ACTION ITEM: From the line that includes "A striking portrait" to the last line of the records that follow, copy every line exactly and nothing more, omitting pictures.

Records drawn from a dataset
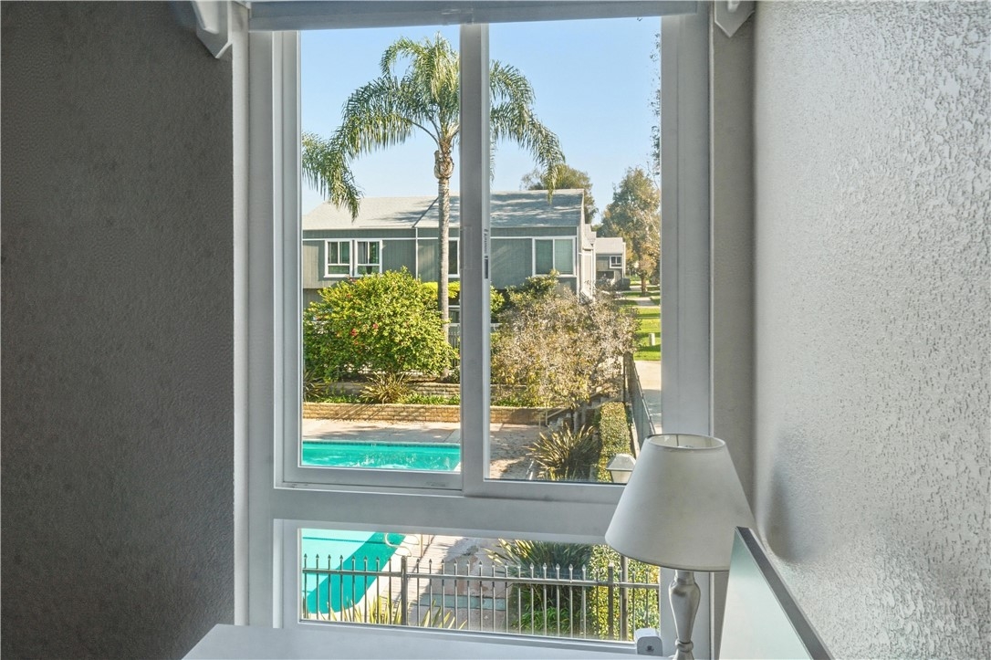 NEW ROOF (approximately 2 months old)! Turnkey townhome located in the highly desirable Village Walk Townhome community featuring 2 bedrooms and 1.5 bathrooms with vaulted ceilings and abundant natural light. The bright, open floor plan offers quartz countertops with a tile backsplash, a chandelier over the kitchen sink, step-in pantry, recessed lighting, and under-cabinet motion-sensor lighting. The living area is enhanced with wainscoting, crown molding throughout, new baseboards, tile flooring on the main level, and carpeted stairs and bedrooms. The upstairs bathroom features tile flooring, and the primary bedroom includes a walk-in closet with mirrored door. Additional highlights include solid core interior doors, mirrored bypass closet doors, newer windows and sliding glass door (approximately 2 years old), real wood decking freshly painted as a custom upgrade, ceiling fan in dining area and attic access. The home also features a Ring doorbell (to remain), security door, Google Nest thermostat, electric tankless water heater (approximately 3 years old), and central AC (installed 2010). The 2-car attached garage offers direct access (with exterior keypad entrance too) and interior laundry hookups. Community amenities include a pool and landscaped greenbelts. Conveniently located near South Coast Plaza, Segerstrom Center for the Arts, OC Fairgrounds, major freeways, John Wayne Airport, and the coastal destinations of Newport Beach and Huntington Beach.
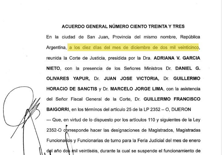 Ese medio tuvo acceso a la Acordada N.º 133, que regula el funcionamiento de la Feria Judicial de enero de 2026, y tiene fecha del 10 de diciembre de 2025. Ese dato contradice la versión brindada a Zonda Digital por Gustavo Martínez, desde la Dirección de Comunicación del Poder Judicial, quien afirmó que la decisión había sido tomada y comunicada con mucha anterioridad.
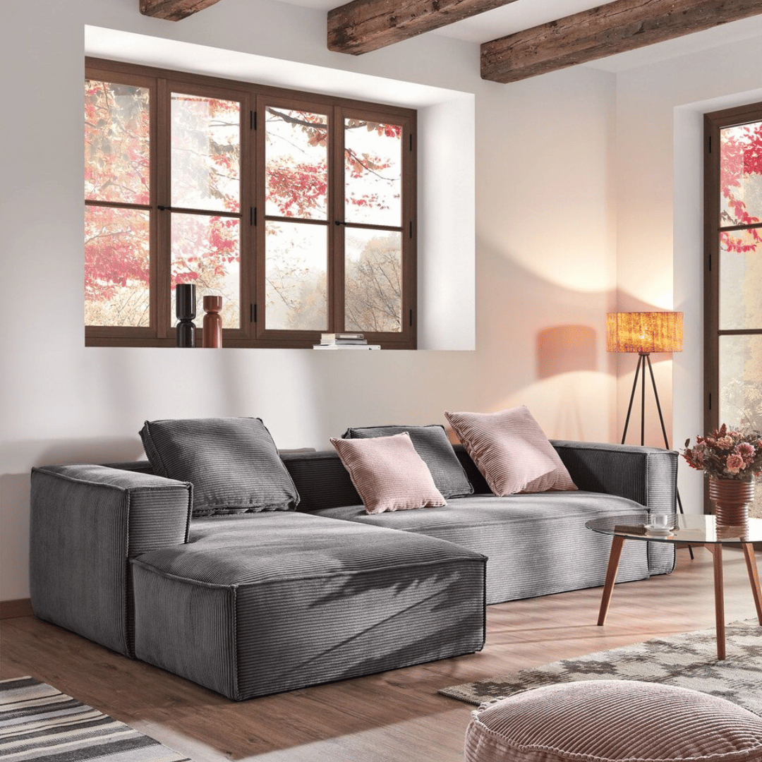 Blok 4 Seater Chaise Sofa | Grey Corduroy
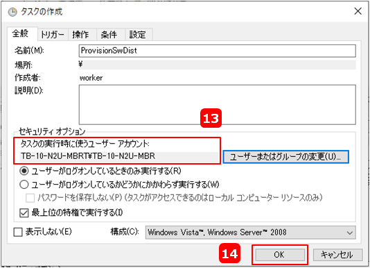 【7】.「13) タスクの実行時に使うユーザーアカウント」に「 9) 」で選択したPC名が表示されている事を確認し、「14) OK」をクリックします。
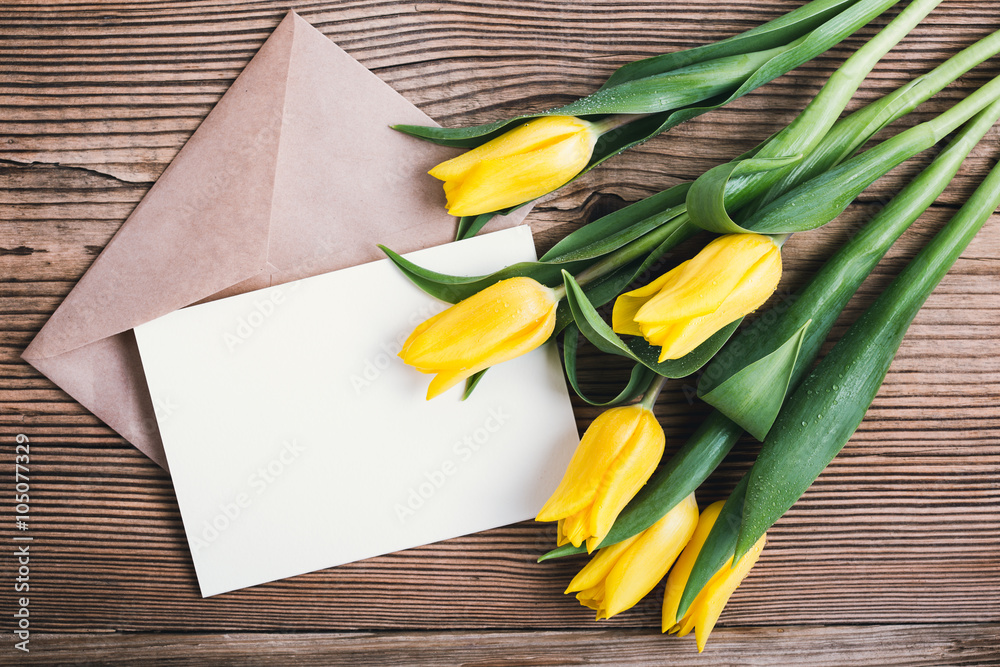 Yellow tulips and envelope on wooden table
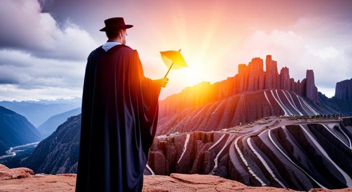 A striking portrait of a warlock casting a spell, set against a mountain castle backdrop. This image showcases intricate details and hypermaximalist elements in a painterly style.
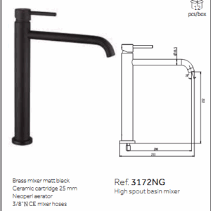 Μπαταρία Νιπτήρος Υψηλή SIRIO ΜΑΥΡΗ PVD 3172NG
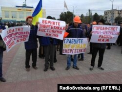 Пізніше колона «азотівців» перемістилася до будівлі обласної адміністрації. Там на них вже чекали 300 працівників «Луганського енергетичного об’єднання» та кілька менш чисельних делегацій від газовиків, шахтарів об’єднання «Лисичанськвугілля», працівників склозаводу «Пролетарій». Всі ці підприємства мають фінансові проблеми. Зокрема, енергетики через багатомільярдні борги, викликані безоплатними поставками електрики на непідконтрольну територію, зараз перебувають під фінансовими санкціями від НКРЕ.
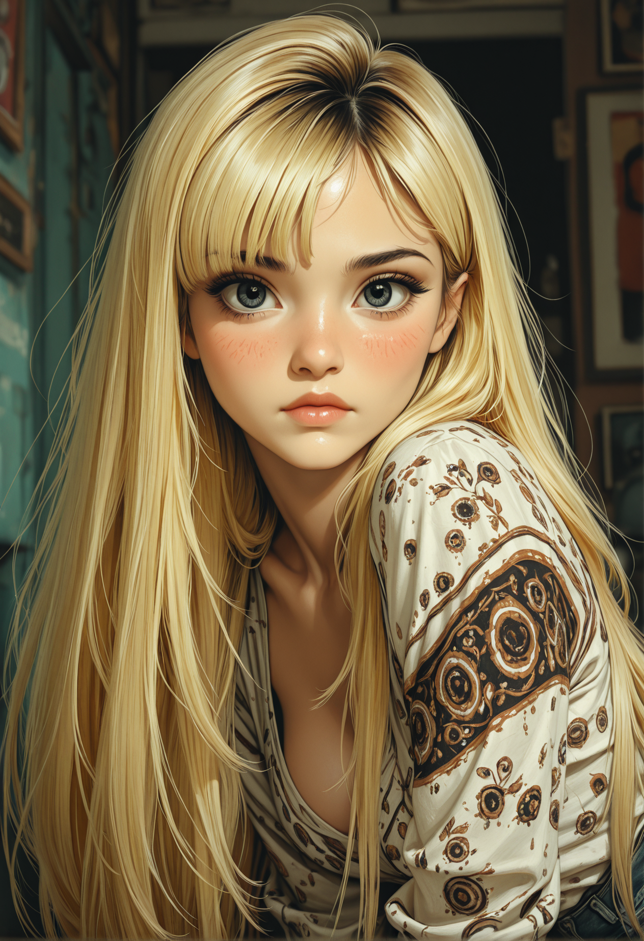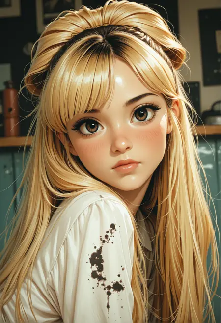 _ハイパーリアリスティックで写真のような肌の質感、クリーンなエアブラシ仕上げ、シネマティックな照明を用いてセミリアリスティックなルックを維持しています。デジタル編集的な美学とアニメ風のエレガンスが融合しています。服は体にフィットし、繊維のリアルなツヤを帯びています~_
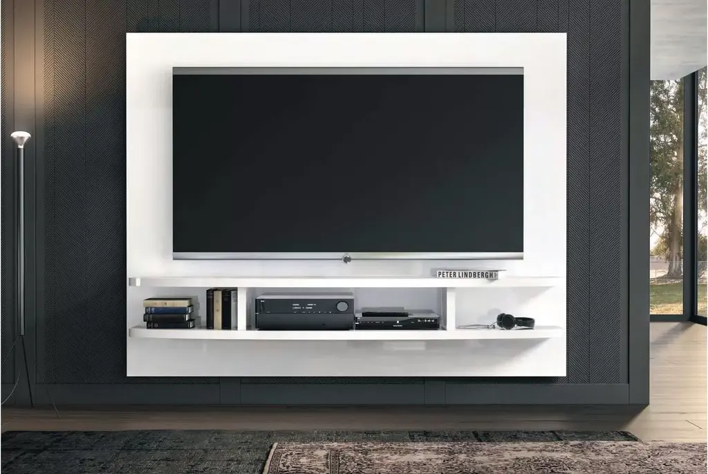 Modern Italian Wall Unit With High Gloss White Finishing
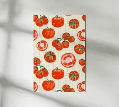 Il design allegro e colorato presenta un motivo di pomodori fresco e appetitoso.
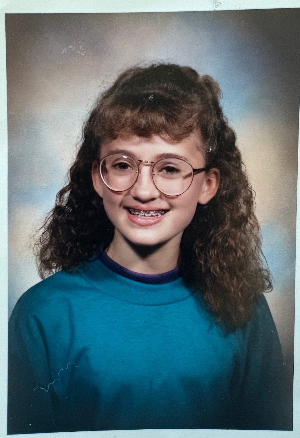 Hi! I'm Sarah, and I had a really bad cold, an old perm and recently tightened braces in my 7th grade school picture. It was a banner year, clearly, and I wrote all about it in my stacks of spiral notebooks that I kept under my bed.

TASK SOLUTION:
 A striking portrait of a warlock casting a spell, set against a mountain castle backdrop. This image showcases intricate details and hypermaximalist elements in a painterly style.
 Μπαταρία Νιπτήρος Υψηλή SIRIO ΜΑΥΡΗ PVD 3172NG
 Пізніше колона «азотівців» перемістилася до будівлі обласної адміністрації. Там на них вже чекали 300 працівників «Луганського енергетичного об’єднання» та кілька менш чисельних делегацій від газовиків, шахтарів об’єднання «Лисичанськвугілля», працівників склозаводу «Пролетарій». Всі ці підприємства мають фінансові проблеми. Зокрема, енергетики через багатомільярдні борги, викликані безоплатними поставками електрики на непідконтрольну територію, зараз перебувають під фінансовими санкціями від НКРЕ.
 _ハイパーリアリスティックで写真のような肌の質感、クリーンなエアブラシ仕上げ、シネマティックな照明を用いてセミリアリスティックなルックを維持しています。デジタル編集的な美学とアニメ風のエレガンスが融合しています。服は体にフィットし、繊維のリアルなツヤを帯びています~_
 Modern Italian Wall Unit With High Gloss White Finishing
 Il design allegro e colorato presenta un motivo di pomodori fresco e appetitoso.
 Hi! I'm Sarah, and I had a really bad cold, an old perm and recently tightened braces in my 7th grade school picture. It was a banner year, clearly, and I wrote all about it in my stacks of spiral notebooks that I kept under my bed.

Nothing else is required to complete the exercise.